Una aparición fantasmal y violenta

Sería 1961 o, a lo sumo, 1962. Iba recorriendo en coche, lentamente, las costas de Garraf, parando el vehículo en cada recodo con el ánimo de observar de cerca la vegetación y la fauna de una zona que intuía distinta a todo lo que conocía. Eran tiempos prenaturalistas y, sobre todo, preecologistas, en los que eran impensables prácticas, hoy ya habituales incluso en nuestro país, como el civilizado y europeo bird-watching. Llevaba unos prismáticos y una Guía de campo de las aves de España y demás países de Europa. Me dirigí hacia un barranco que, por su tamaño, anunciaba que iba a penetrar suficientemente en la montaña y, entrando en su cauce, absolutamente seco y pedregoso, comencé a caminar monte arriba. Era finales de febrero, un día totalmente despejado y, aunque debía ser muy pronto, el sol ya calentaba. Intenté, con ayuda del libro, identificar algunas de las especies de pájaros que volaban entre los arbustos y los pequeños palmitos. Llevaría una media hora de pausada travesía cuando, tras un recodo, el barranco empezó a entrar decididamente en el interior del macizo. Opté por trepar por la margen izquierda hasta llegar a un pequeño promontorio, una especie de escalón rocoso que por la curvatura del barranco quedaba a la sombra.
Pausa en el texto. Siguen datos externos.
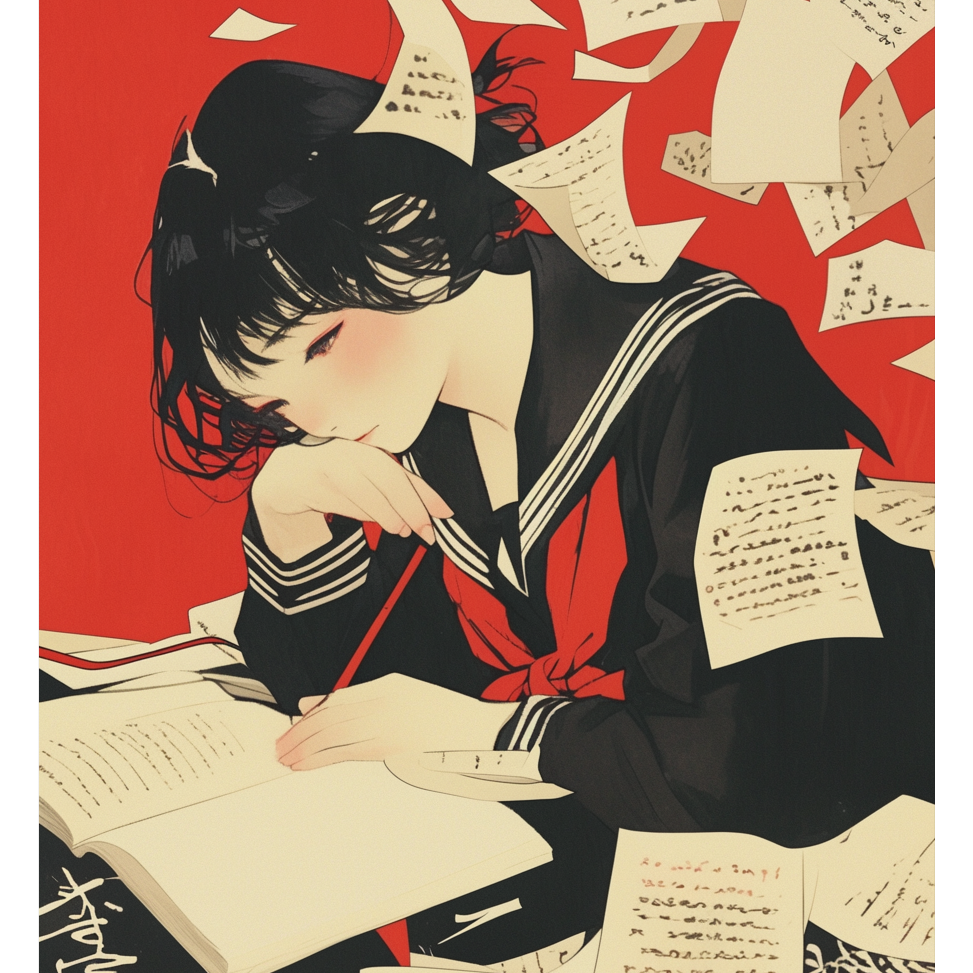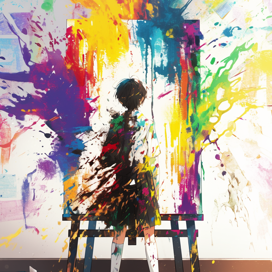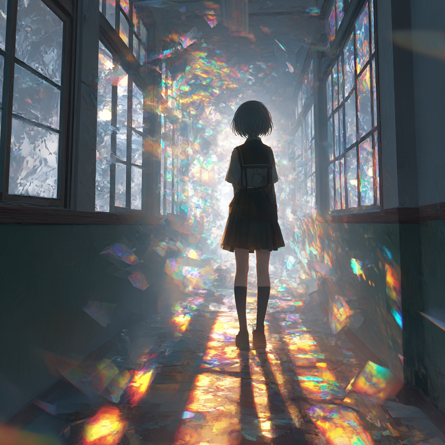 Shoegaze-influenced Japanese post-hardcore with minimal electronic textures, tempo 145 bpm, Female Japanese vocal only, fragile yet edgy delivery with airy highs, Verses use clean delay-driven guitars like faint pencil lines, surrounded by reverb for an empty classroom feel, Choruses explode with layered distorted guitars creating dense, colorful sound walls that blur like smeared paint, Drums are steady mid-tempo with wide crashes and syncopated snare accents, giving a sense of turbulence, Bass sustains distorted pedal tones, adding weight beneath shifting chords, Guitars alternate between delicate arpeggios and saturated chords, sometimes bending notes or sliding to mimic distortion of colors, Electronics add glitch textures, filtered white noise, and reversed tones that bleed like paint spills, Recurring two-bar riff between guitar and synth returns with greater density each time, symbolizing layers of paint stacking, Mood is vivid yet unstable, portraying teenage emotions

De repente, se produjo algo extraordinario, algo como una explosión acústica, un grito desesperado, rechinante, agudo, pero con la cadencia y el tono de un latido monstruosamente doloroso. Levanté la cabeza para ver, pero con la intención también de protegerme, como esperando que la gran pared de caliza se derrumbara, y en ese instante, pese a la intensísima y cegadora luz, noté la presencia sobrecogedora de dos aves que me parecieron inmensas, volando majestuosas, lentas, sin mover en ningún momento las alas, emitiendo ese grito lastimero que podía ser de dominio, de afirmación territorial. Creo que, en ese momento, me convertí a la ornitología. Fue algo único y, si he de ser sincero, nunca más volví a disfrutar de una situación semejante; quizá la corta distancia a la que me hallaba de las aves, el tamaño relativamente pequeño del escenario y, por encima de todo, la novedad, la sorpresa, el miedo que me produjo esa aparición fantasmal y violenta, fueron determinantes. Ni años después en el Rif, ni en las sierras de Jaén, ni en el somontano oscense, donde he pasado horas observándolas, se ha repetido algo semejante, algo que ocurrió a breve distancia de una saturada carretera y que es trágicamente improbable que se repita.